### TASK DETAILS:
Nothing but the lines from the one with "Việt Nam, …" through the end of the material should be retyped, word for word and without pictures.

STORED DATA Block Start

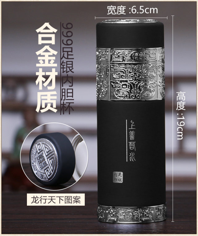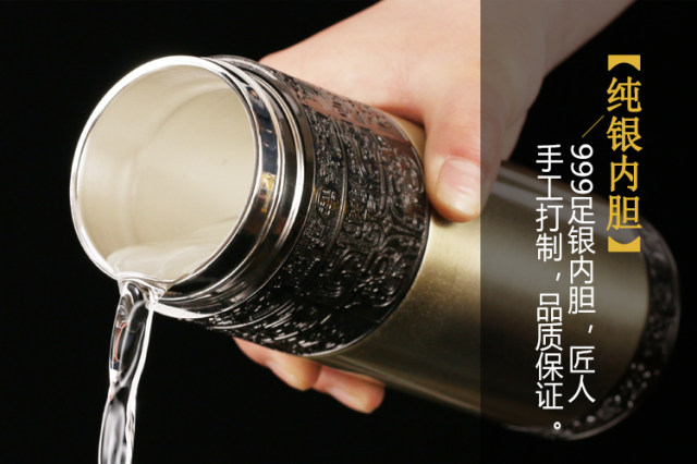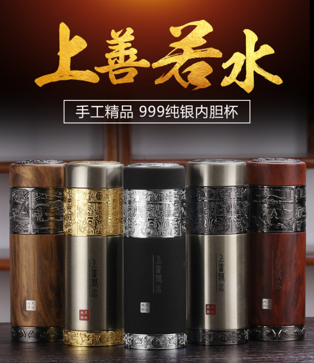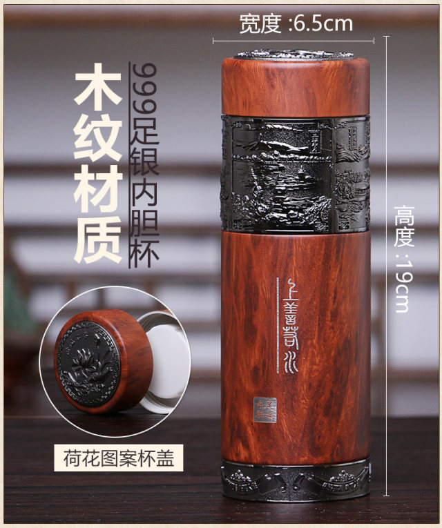 【寓意】:茶水杯外壳以木纹与合金镶嵌,油亮光滑且古韵悠长,外观触感俱佳。内胆为足银材质,释放银离子,消毒杀菌,日常保健。
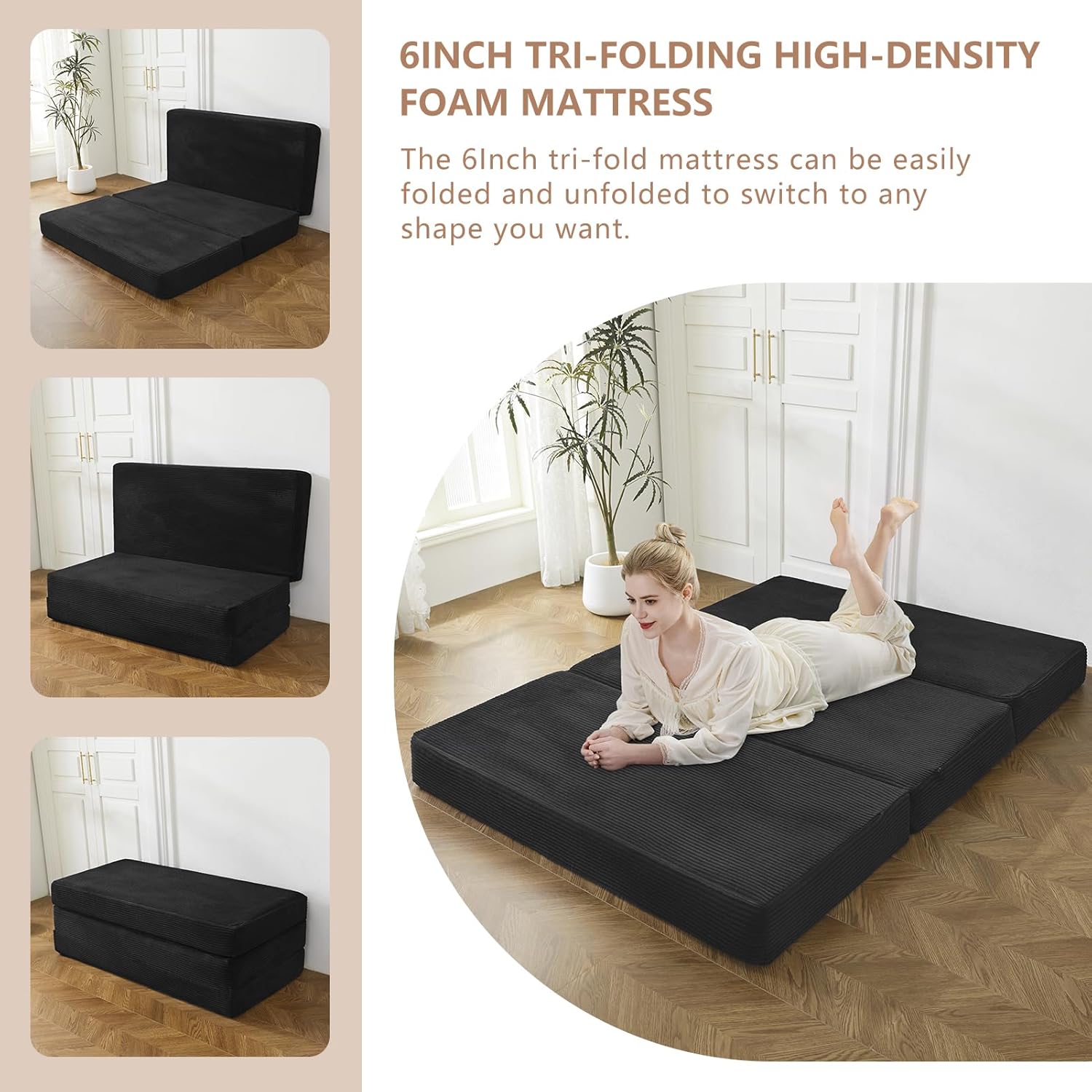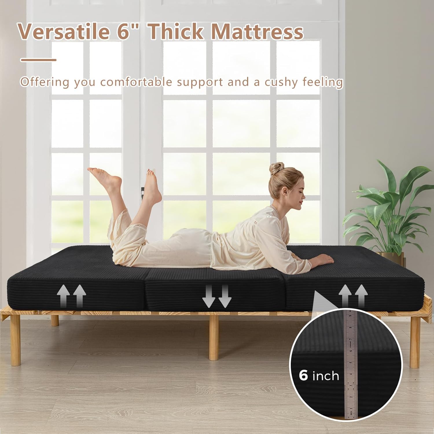 Comfortable and Supportive: With a thickness of 6 inches, our foldable corduroy mattress offers a plush and supportive sleep surface. It conforms to your body’s natural curves, relieving pressure points such as shoulders, hips, and back. Enjoy a restful night’s sleep without waking up feeling sore or achy
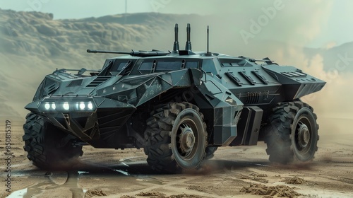Military Armored Vehicle in a Desert Landscape
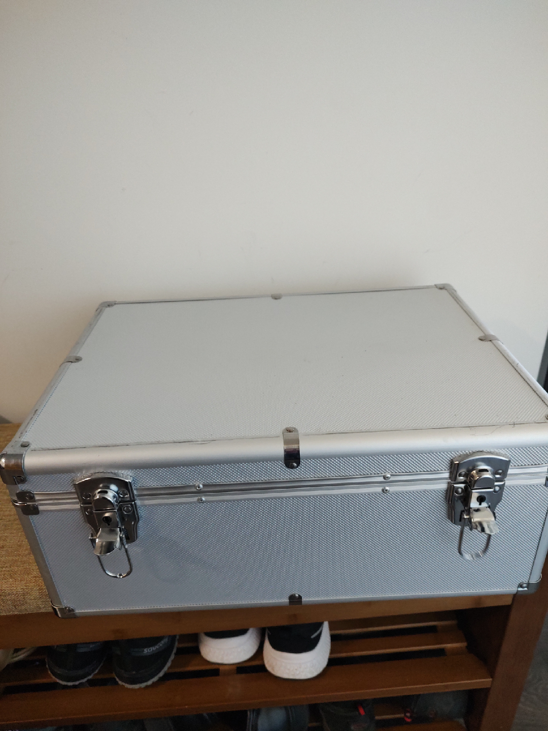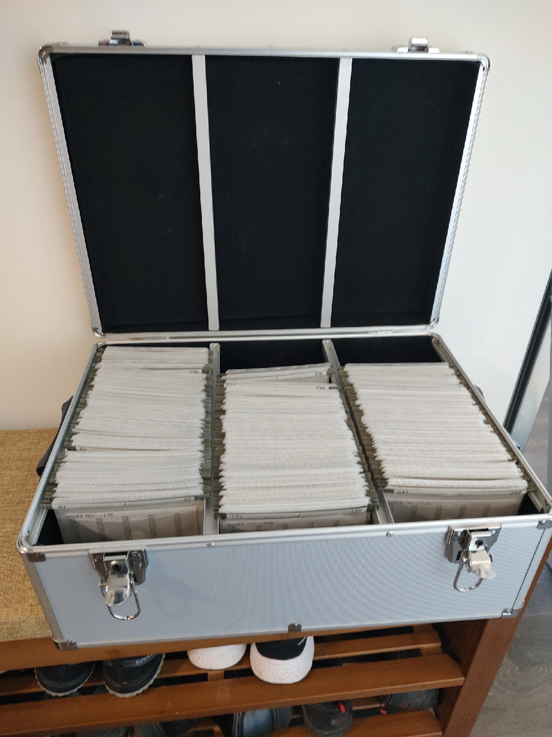 Selling 2 silver and 1 black aluminum storage/carrying cases. Price is for one case. Each can store 510-CD, DVD, Blue Ray discs. A few scratches on top. Metal corners, black side handles, buckle closure, 18.9 x 31 x 20 inches
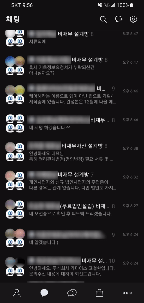 <유인어스 매니저의 실제 카카오톡 채팅목록>
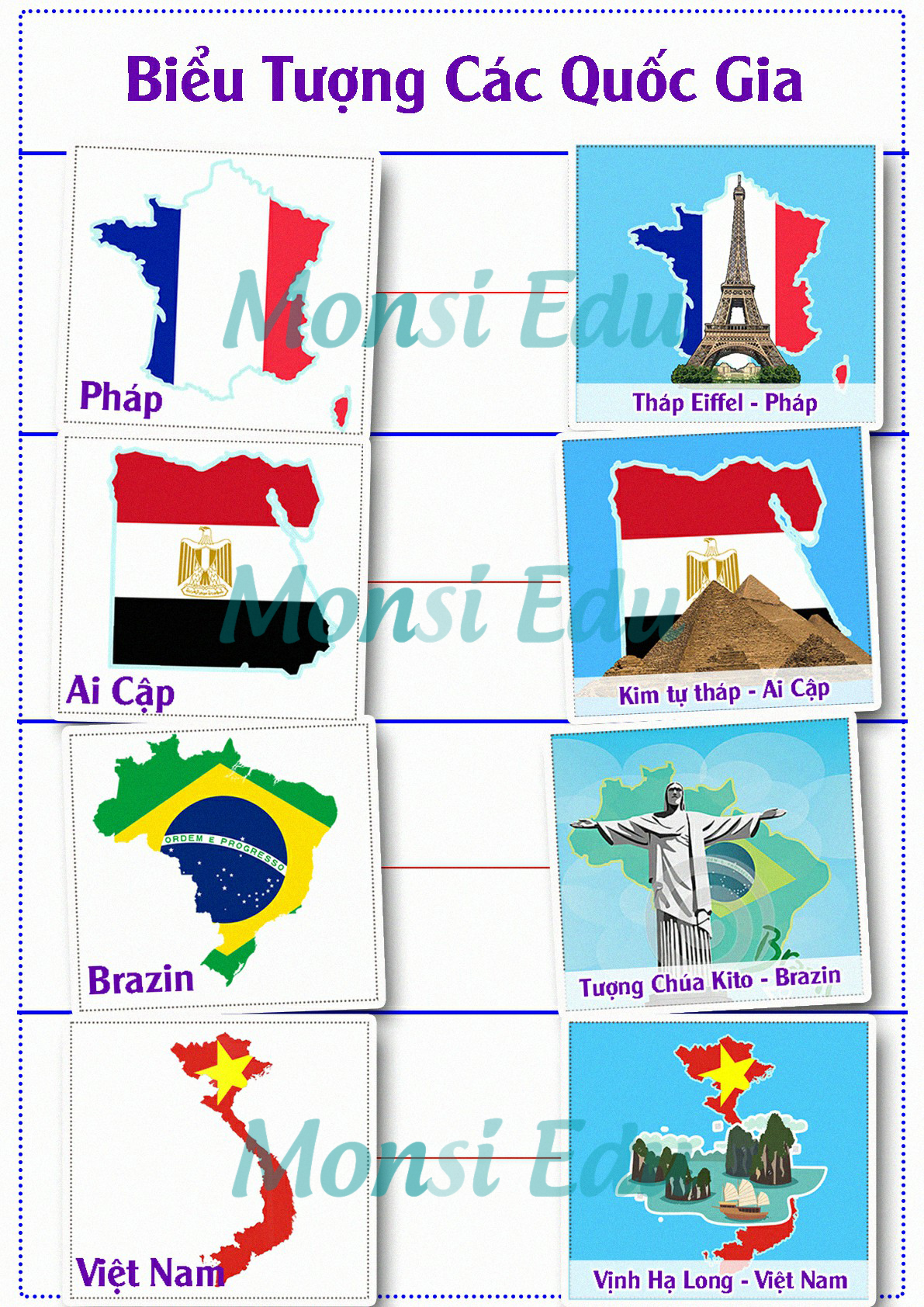 • Biểu tượng đặc trưng quốc gia: Tháp Eiffle của Pháp, Vịnh Hạ Long của Việt Nam, …
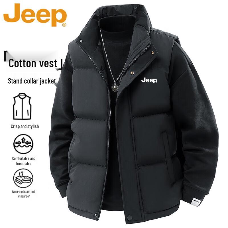 This JEEP Men's Padded Stand Collar Vest is designed for autumn and winter outdoor activities. It features a windproof and warm construction, making it ideal for staying comfortable in cooler weather. The sleeveless design allows for freedom of movement, perfect for sports or everyday casual wear.
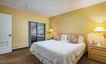 The condo has all of the following amenities: fully equipped kitchen with Keurig coffee maker, living room with new sectional sofa and chair, separate bedroom with king-sized bed, and a full bathroom with 1/2 bath. Towels, linens, pantry items, pots & pans and dishware are provided.

STORED DATA Block End

### PROBLEM SOLUTION:
 • Biểu tượng đặc trưng quốc gia: Tháp Eiffle của Pháp, Vịnh Hạ Long của Việt Nam, …
 This JEEP Men's Padded Stand Collar Vest is designed for autumn and winter outdoor activities. It features a windproof and warm construction, making it ideal for staying comfortable in cooler weather. The sleeveless design allows for freedom of movement, perfect for sports or everyday casual wear.
 The condo has all of the following amenities: fully equipped kitchen with Keurig coffee maker, living room with new sectional sofa and chair, separate bedroom with king-sized bed, and a full bathroom with 1/2 bath. Towels, linens, pantry items, pots & pans and dishware are provided.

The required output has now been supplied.